**About this exercise**
Below is a listing from which only part is wanted; return exactly the lines from the one with "Logistyka, Lotnictwo |" up to and including the one with "The main design".

**Listed records**

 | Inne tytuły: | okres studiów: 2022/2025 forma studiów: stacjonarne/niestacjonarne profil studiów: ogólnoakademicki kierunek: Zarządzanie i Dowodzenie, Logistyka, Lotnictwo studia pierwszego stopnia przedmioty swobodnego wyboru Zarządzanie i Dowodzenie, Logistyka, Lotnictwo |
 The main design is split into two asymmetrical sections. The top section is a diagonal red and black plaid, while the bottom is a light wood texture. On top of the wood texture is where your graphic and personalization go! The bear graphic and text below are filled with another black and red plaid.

==

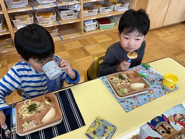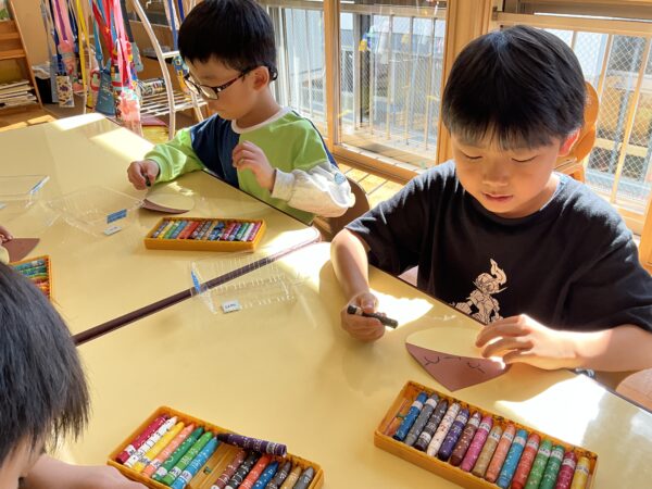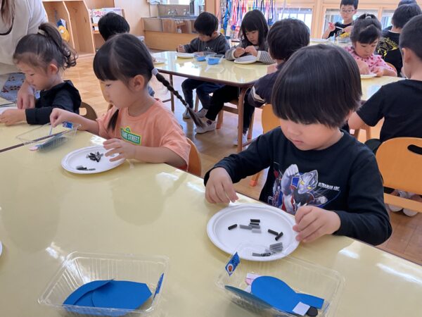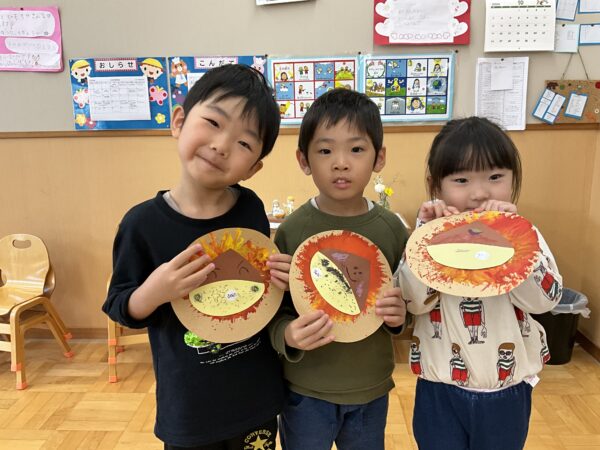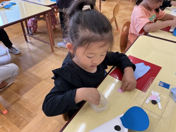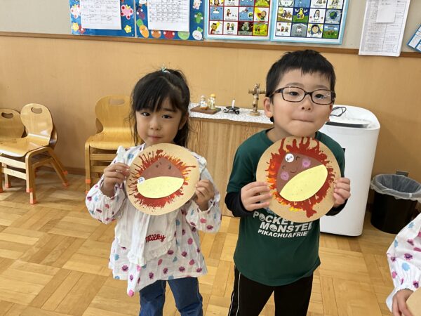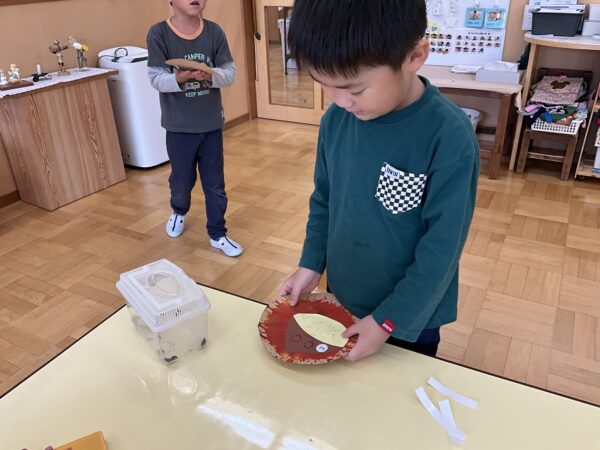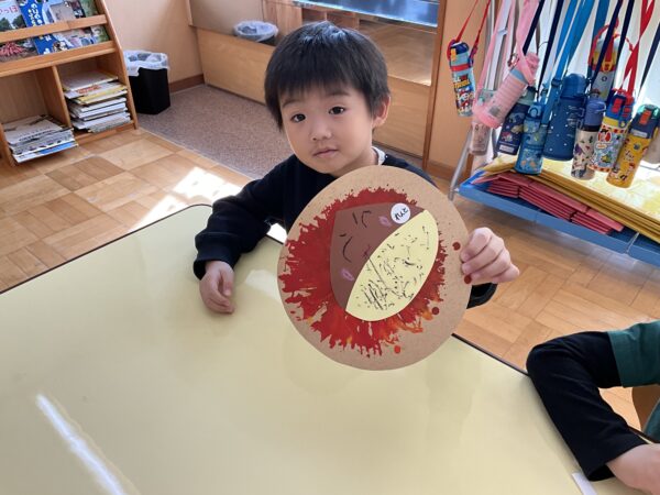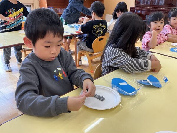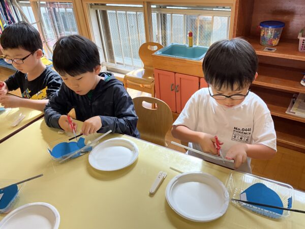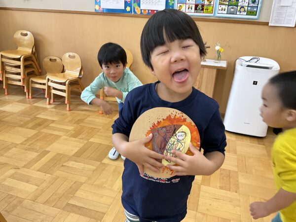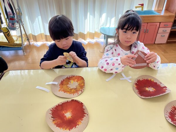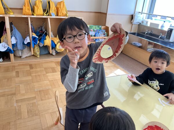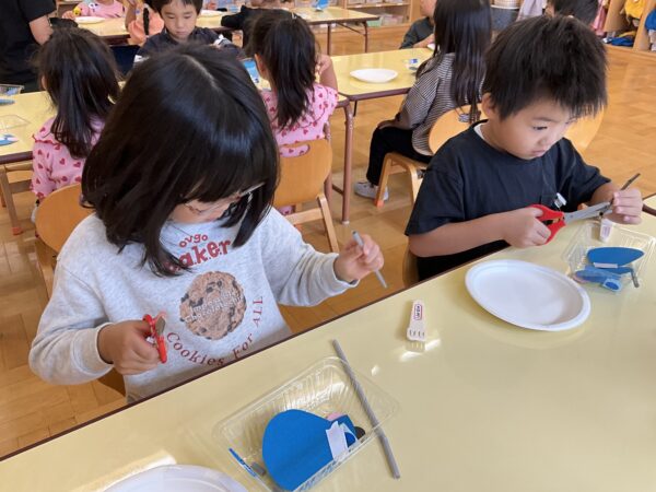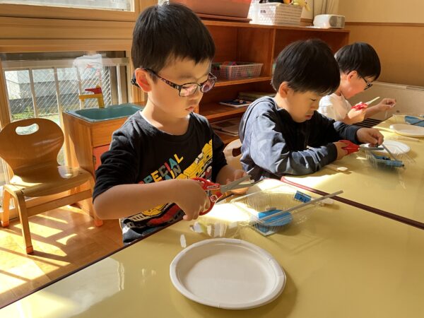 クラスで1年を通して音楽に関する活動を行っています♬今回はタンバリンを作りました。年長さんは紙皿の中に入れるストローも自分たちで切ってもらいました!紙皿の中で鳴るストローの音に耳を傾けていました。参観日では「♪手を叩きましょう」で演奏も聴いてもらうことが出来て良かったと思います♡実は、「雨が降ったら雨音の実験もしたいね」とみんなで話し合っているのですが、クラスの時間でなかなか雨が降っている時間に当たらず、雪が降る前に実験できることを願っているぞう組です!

**Result for this task**
 | Inne tytuły: | okres studiów: 2022/2025 forma studiów: stacjonarne/niestacjonarne profil studiów: ogólnoakademicki kierunek: Zarządzanie i Dowodzenie, Logistyka, Lotnictwo studia pierwszego stopnia przedmioty swobodnego wyboru Zarządzanie i Dowodzenie, Logistyka, Lotnictwo |
 The main design is split into two asymmetrical sections. The top section is a diagonal red and black plaid, while the bottom is a light wood texture. On top of the wood texture is where your graphic and personalization go! The bear graphic and text below are filled with another black and red plaid.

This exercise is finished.